Susan M. Yates, January 21st, 2011

I have a pretty high tolerance for mundane television. But, with months of buzz in the ADR community around Fairly Legal, a new show about a California mediator, I was not expecting mundane TV. Prior to last night’s pilot episode, the talk in ADR circles was about how television would treat mediation. Now we have seen it and I must say my main reaction was that this was standard uninspired and uninspiring TV. Even I had to make myself keep watching this show just to see how they dealt with mediation.

The mediation setting may be new, but the characters are the same old TV characters. The mediator is a spunky-sexy woman running around the city in Charles Louboutin stilettos. She has a complicated relationship with her ex, a bad relationship with her step-mother, and a cutesy relationship with her assistant.

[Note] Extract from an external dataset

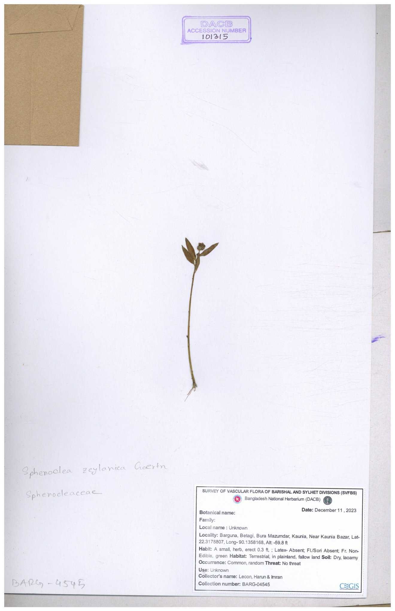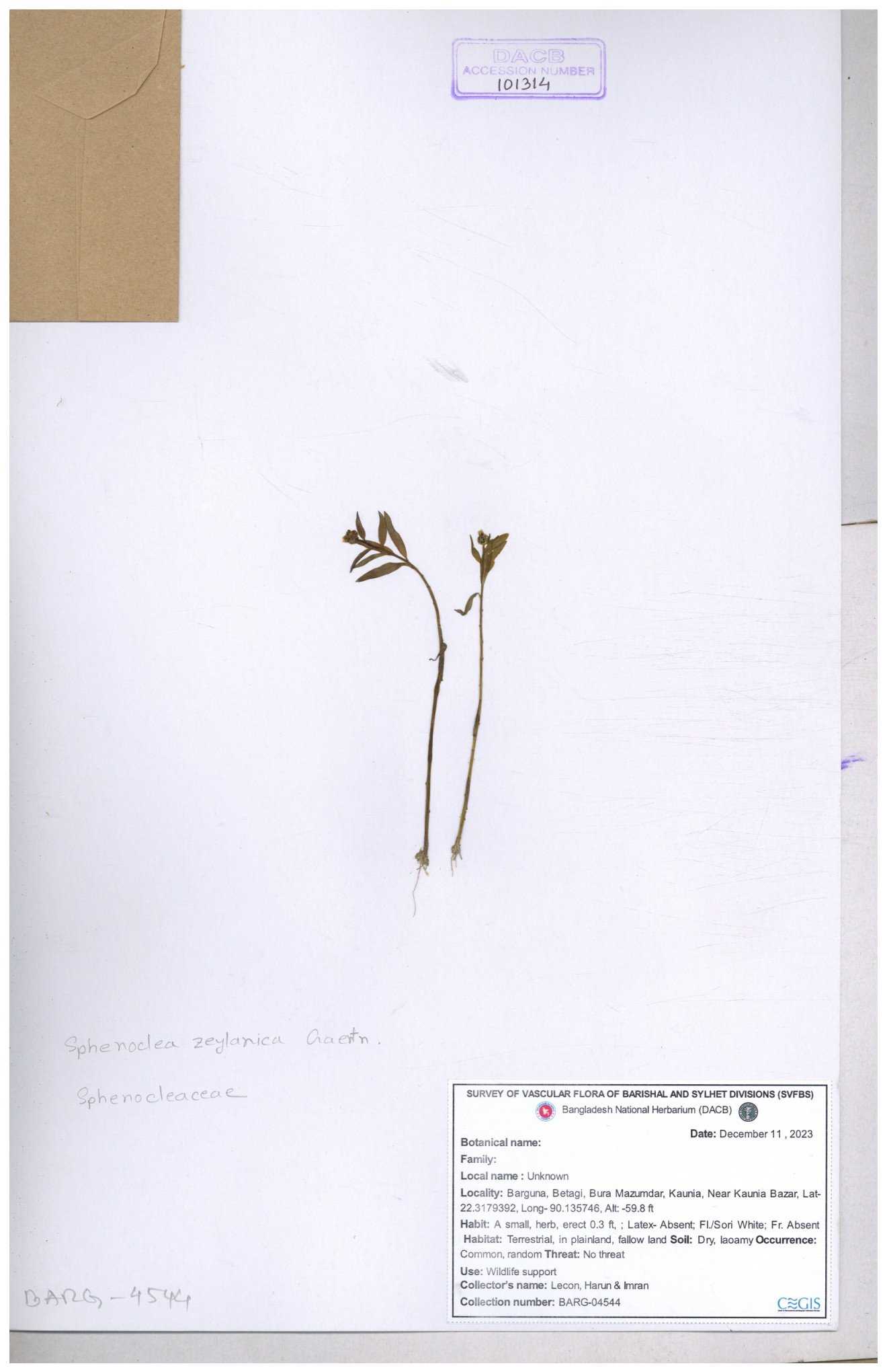 | 101314 | Sphenocleaceae | Sphenoclea zeylanica | 30-11--0001 |

As for how mediation is portrayed, they got some of it right (someone like the judge might very well equate mediation and all of ADR) and some of it wrong (who would leave the parties alone in a conference room waiting for a late mediator?). Some of it was just plain odd (what mediator goes to a prosecutor – repeatedly – to get charges dropped to help settle a civil mediation?). I don’t mind that we didn’t hear about confidentiality or neutrality; I didn’t really expect that. But I was hoping for at least an entertaining show. Alas. Maybe the next mediation show actually will be engaging.